The results show that social email traffic has lower entropy (higher structural information) than antisocial traffic for both working and non-working periods in the two workloads. The larger the work the more noticeable this difference becomes, thus capturing longer patterns of communication and the presence of time correlations. The difference between the independent message model, where for p = 1/2 all words are equally likely, and the real traffics is that in the latter words with many 1s are suppressed while the probability of words with two to three 1s separated by one to three 0s is enhanced.
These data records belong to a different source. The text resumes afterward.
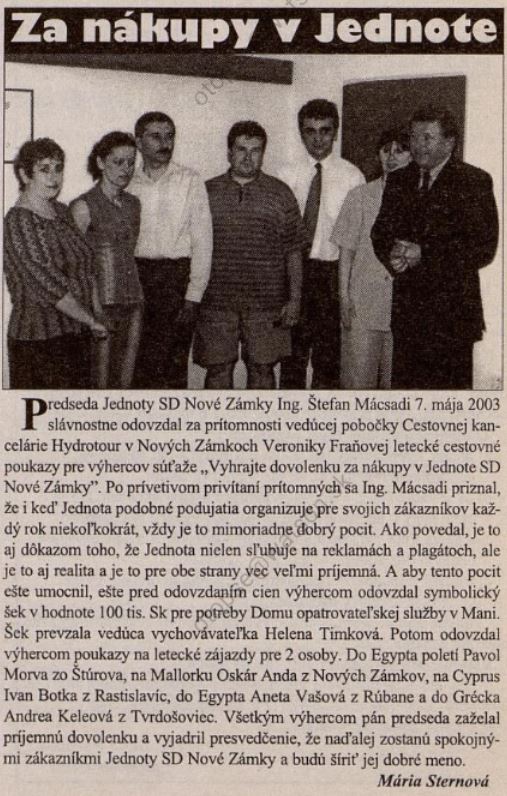2003.05.20 | Castrum Novum: Predseda Jednoty SD Nové Zámky Ing. Štefan Mácsadi slávnostne odovzdal letecké cestovné poukazy pre výhercov súťaže „Vyhrajte dovolenku za nákupy v Jednote SD Nové Zámky” Článok |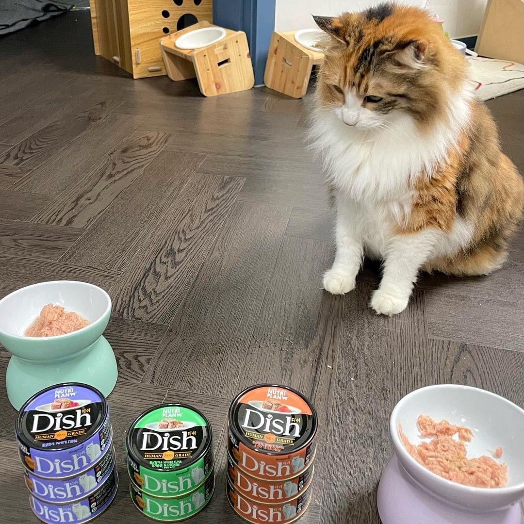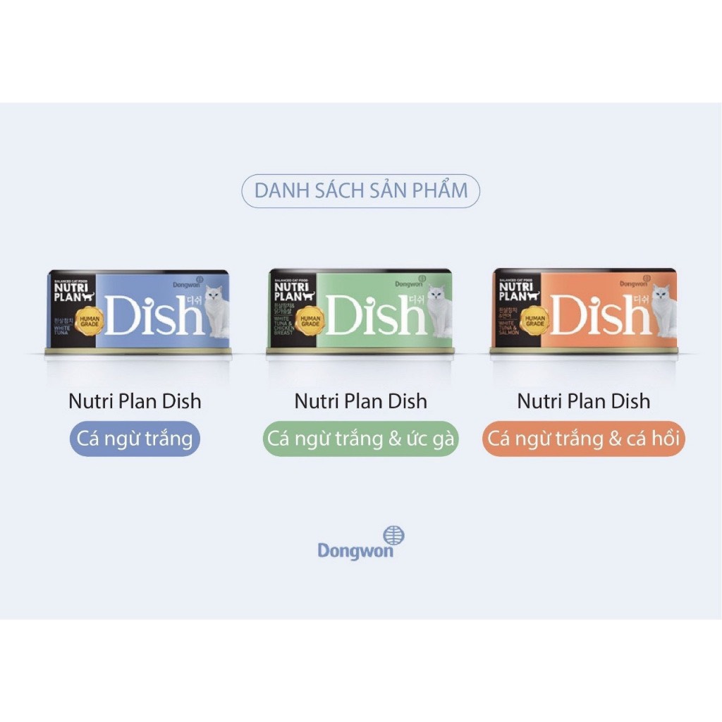 85gr - Pate Dongwon Dish cho Mèo lớn Mèo con thịt nguyên miếng thơm ngon nhập Hàn Quốc thành phần Cá Gà Sản xuất tại: Dongwon, 68 Mabang-ro, Seocho-gu, Seoul, Hàn Quốc Quy cách: 85g Pate cho mèo Dish là loại thức ăn dành riêng cho mèo, được sử dụng thành phần chính là cá & gà. Đây là loại thức ăn giàu protein, Taurine, axit amin và các khoáng chất khác rất tốt cho mèo. Đặc điểm sản phẩm Nguyên liệu chủ yếu là cá ngừ cá trắng thịt gà tươi ngon, tốt cho sức khỏe. Bổ sung các Axit amin cần thiết cho mèo như Taurine và Arginine. Bổ sung Probiotics (các vi khuẩn có lợi), hỗ trợ hệ tiêu hóa, nhuận tràng. Không sử dụng chất bảo quản, chất tạo vị, chất tạo đông. Thành phần dinh dưỡng Protein ≥ 11,8% Tro ≤ 1,3% Chất béo ≥ 0,15% Độ ẩm ≤ 98% Chất xơ thô ≤ 0,3% Các hương vị hiện có: 1. Dish White Tuna: vị Cá ngừ trắng Nguyên liệu: Cá ngừ vằn (thịt trắng), nước, nước cốt gà cô đặc, axit amin, chiết xuất cá minh thái khô, Probiotics. 2. Dish White Tuna & Salmon: vị Cá ngừ trắng & Cá hồi Nguyên liệu: Cá ngừ vằn (thịt trắng), nước, cá hồi, nước cốt gà cô đặc, axit amin, chiết xuất cá minh thái khô, Probiotics. 3. Dish White Tuna & Chicken: Cá ngừ trắng & Thịt gà Nguyên liệu: Cá ngừ vằn (thịt trắng), nước, ức gà, nước cốt gà cô đặc, axit amin, chiết xuất cá minh thái khô, Probiotics.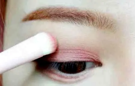 第四步:小号眼影刷红色平铺在双眼皮褶皱范围内,可以稍微往上晕染。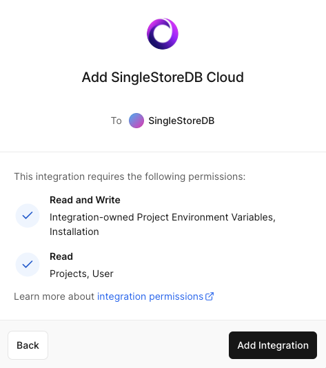 Go to the SingleStore Helios - Vercel integration page, and select Add Integration.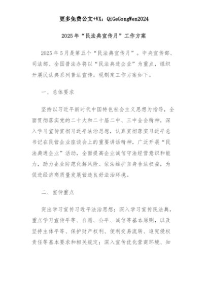 【七哥公文】2025年:2025年“民法典宣传月”工作方案+更多免费公文+VX:QiGeGongWen2024+更多免费公文+VX:QiGeGongWen2024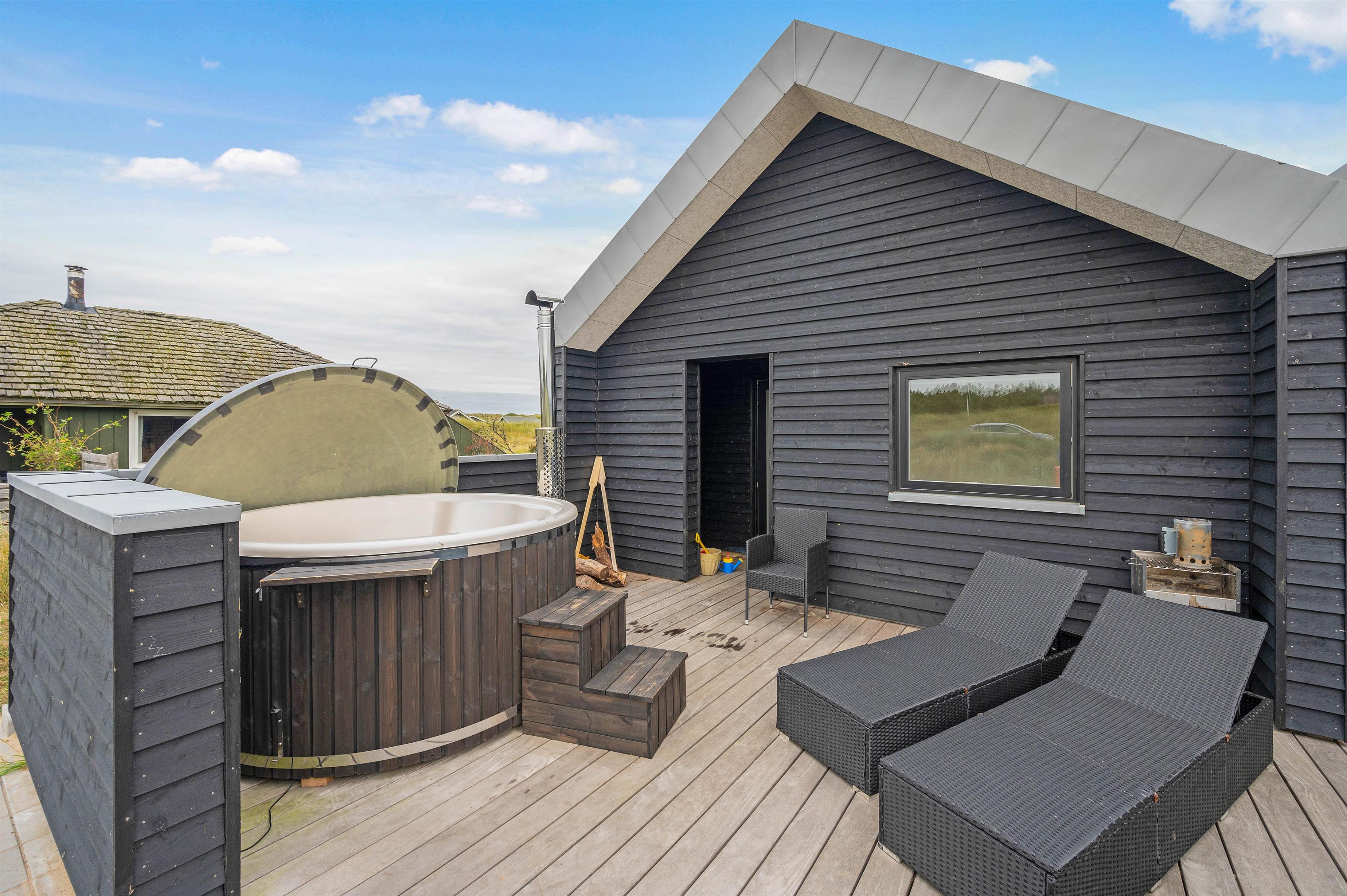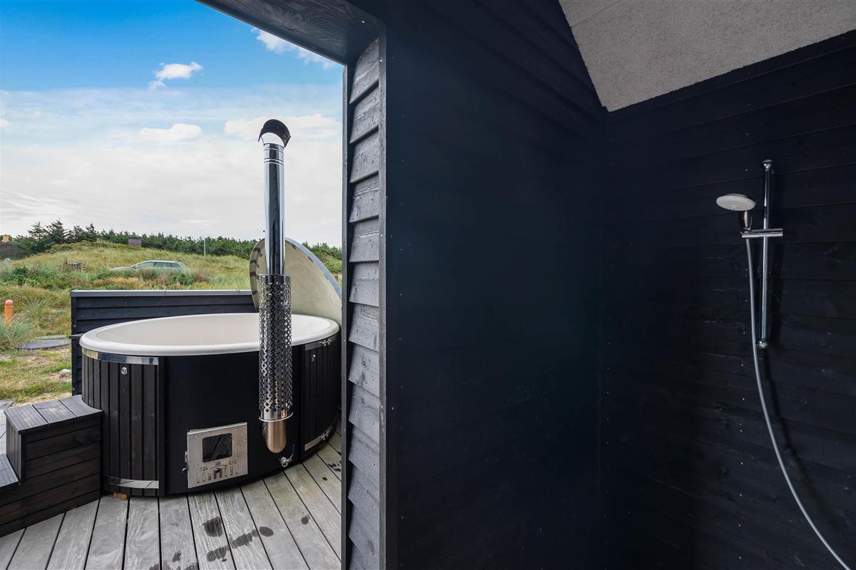 The roaring North Sea is always worth a visit, and during the hot summer months, you can enjoy a refreshing dip in the blue waves, followed by a session in the holiday home's sauna. The outdoor shower on the terrace makes quick work of sandy feet.

The difference between social and antisocial traffics is more subtle, with social email traffic displaying a greater probability for words with an isolated message in a long stream of silence.
These structures are reminiscent to those found by Barabasi, but display less definitive statistical signatures. We see in general though that both social and antisocial traffics are not random, and that social email shows stronger temporal structure with a high probability for long silences and bursts of a few messages.
7.6. CONCLUSIONS 103
7.6 Conclusions
In summary, we have shown that the richness of behaviors in human communication - both symbiotic and oppor-tunistic or antisocial - is present in the structure of networks of email communication and can be quantified via graph theoretical and time series analysis. Opportunistic nodes display antisocial behavior that can be captured graphically. Perhaps even more directly, antisocial email traffic can be identified by a greater statistical simplicity (higher entropy) in temporal patterns of communication, typical of the fact that each sender/recipient relationship is not developed to be unique and the same schemes are used to reach many recipients indiscriminately. More-over, the ease to exchange email messages that leads to these opportunistic behaviors also has consequences for the truly social component of the network, which exhibits a power law degree distribution with a small exponent and, in some cases, small or negative assortative mixing by degree. We believe that the quantitative characteristics of antisocial communication patterns observed here for email networks are probably general to other opportunistic behaviors, bound to be present in other networks of human interaction.
Furthermore, we found that low network transitivity and preferential exchange are a strong imprint of antisocial behavior. So, in order to generate the truly social component we must separate the two components or we incur in misestimation of these characteristics.
Finally, although we found power law distribution for sizes of the extracted communities for all the networks, there are important differences in the way users can be clustered in communities in the two components. While communities made of only one node are much more common in the social components, the antisocial communities are on average two times bigger than social ones.